# Video: Physics Past Exam • 2017/2018 • Pack 1 • Question 37

Physics Past Exam • 2017/2018 • Pack 1 • Question 37

02:38

### Video Transcript

A moving coil galvanometer has resistance 45 ohms. When the galvanometer is connected to a shunt resistor, the current passing through the galvanometer is one-tenth of the total circuit current. Find the value of the shunt resistor 𝑅 sub 𝑠.

Let’s start off by sketching out the scenario. At the outset, we have our galvanometer which is a device that measures current in line with our circuit. We’re told that overall the galvanometer has a resistance of 45 ohms. We then connect our galvanometer to a shunt resistor we can call 𝑅 sub 𝑠 set up in parallel with it.

To begin solving for 𝑅 sub 𝑠, lets consider how current might act as it enters this part of the circuit. because the galvanometer and the shunt resistor are set up in parallel, that means the current has two different branches it can travel through. If we call the total current moving through the circuit capital 𝐼, then we’re told in the problem statement that one-tenth of that total passes through the galvanometer branch.

We can say then that 𝐼 divided by 10 follows this branch of the parallel circuit. And that must mean that nine-tenths multiplied by 𝐼, the total circuit current, moves through the shunt resistor branch.

Now that we know how current divides up over these two branches, let’s recall how the current in each branch relates to the resistance in the branch. This relationship is described by Ohm’s law, which tells us that the potential difference dropped across each of these two branches is equal to the current in each one multiplied by the resistance in each one.

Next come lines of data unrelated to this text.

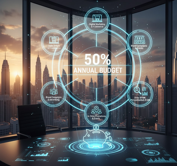 Retailers often allocate 40% to 50% of their annual budgets toward marketing. This massive investment reflects the importance of customer acquisition, retention, and brand engagement in today’s digital-first economy.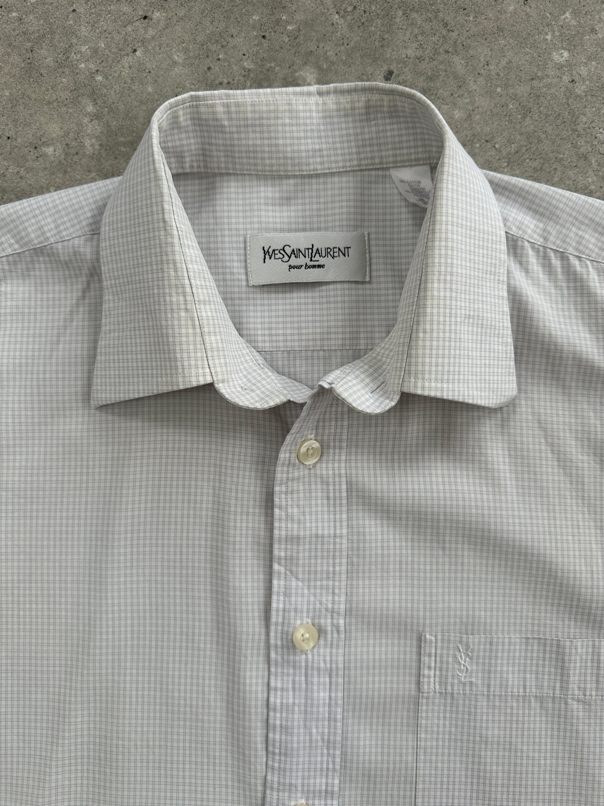 Yves Saint Laurent Pour Homme Cotton Check Short Sleeve Logo Shirt - L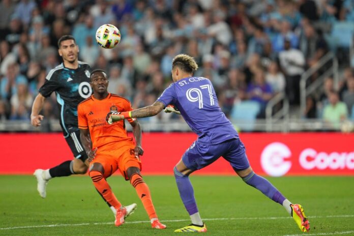 Minnesota came within inches of taking a 1-0 lead in the 34th minute. Teemu Pukki’s high press forced a turnover and Will Trapp picked up the loose ball and then booted a right-footed shot from the middle of the box that caromed off Clark’s left arm and landed on the goal line where Dynamo defender Ethan Bartlow swept it away before it could cross the line.

In other words, the potential difference across the shunt resistor is equal to nine-tenths 𝐼 times the value of that resistor or the potential difference dropped across the galvanometer is equal to one-tenth 𝐼 times 𝑅 sub 𝐺.

Looking back at our sketch, we can recall one more helpful fact about the way that these parallel branches will behave. We know that the total voltage drop across each of these parallel branches must be the same. This tells us that 𝑉 sub 𝐺 is actually equal to 𝑉 sub 𝑠.

Knowing that fact about this circuit, we can set these two values equal to one another. We can write that nine-tenths 𝐼 times 𝑅 sub 𝑠 is equal to one-tenth 𝐼 times 𝑅 sub 𝐺. Looking at this equation, we see that the factor of 𝐼 divided by 10 is common to both sides and therefore cancels out. This leaves us with an expression nine times the value of the shunt resistance 𝑅 sub 𝑠 is equal to 𝑅 sub 𝐺.

But remember we know 𝑅 sub 𝐺; we’re given it in our problem statement. 𝑅 sub 𝑠 then, the value of the shunt resistor, is 45 ohms divided by nine or five ohms. Based on the circuits performance and the way it divides up current, this is the value of the shunt resistor.